Sicilia's goal is to move the government to action, calling for citizens to take to the streets and for the resignation of officials in Cuernavaca and the state of Morelos. But he is doing this for more than to bring justice for his son. While his family's tragedy was high profile, Sicilia's movement is about putting the faces and names on all of the victims, not just the ones who make the news: "There are many dead, and there is much pain. ... These citizens have the same dignity as my son." Along the stretch between Cuernavaca and Mexico City, marchers placed plaques in honor of the dead. Police estimate that more than 150,00 marched with Sicilia at some point in his journey, according to the New York Times.

Sicilia first made his commitment known less than a week after his son's death, when he read what would be his last poem.

"The world is no longer dignified enough for words," he said, according to the state-run Notimex news agency.

"This is my last poem, I cannot write more poetry," he concluded. "Poetry no longer exists inside me."

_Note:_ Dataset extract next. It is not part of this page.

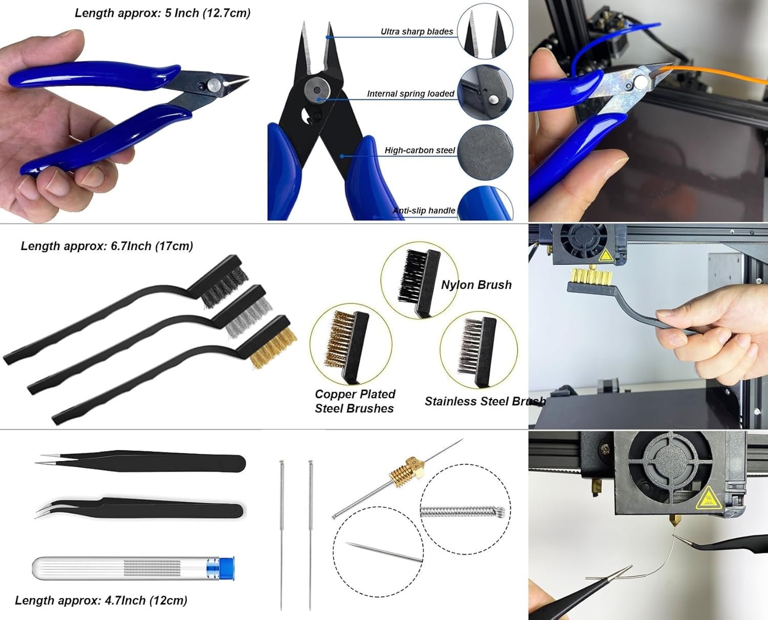 👍WHY CHOOSE US? A good piece of work needs a good set of tools, all the accessories of 3d printer tools are made of high quality materials, well made, comfortable to hold and can be used for a long time; AEORUM124 pieces of entry-level 3D printer kits selected by professionals are the perfect hand tools for all the 3D printing professionals, hobbyists and creators.

In an open letter "to politicians and criminals" published in the April 3 edition of the magazine Proceso, Sicilia quoted French existentialist Albert Camus and German writer Bertolt Brecht, as he urged Mexicans to take to the streets.

"We do not want one more man, one of our sons, killed," he wrote, calling for "a national movement that we must keep alive to destroy the fear and isolation put in our minds and souls by your incompetence, politicians and your cruelty, criminals."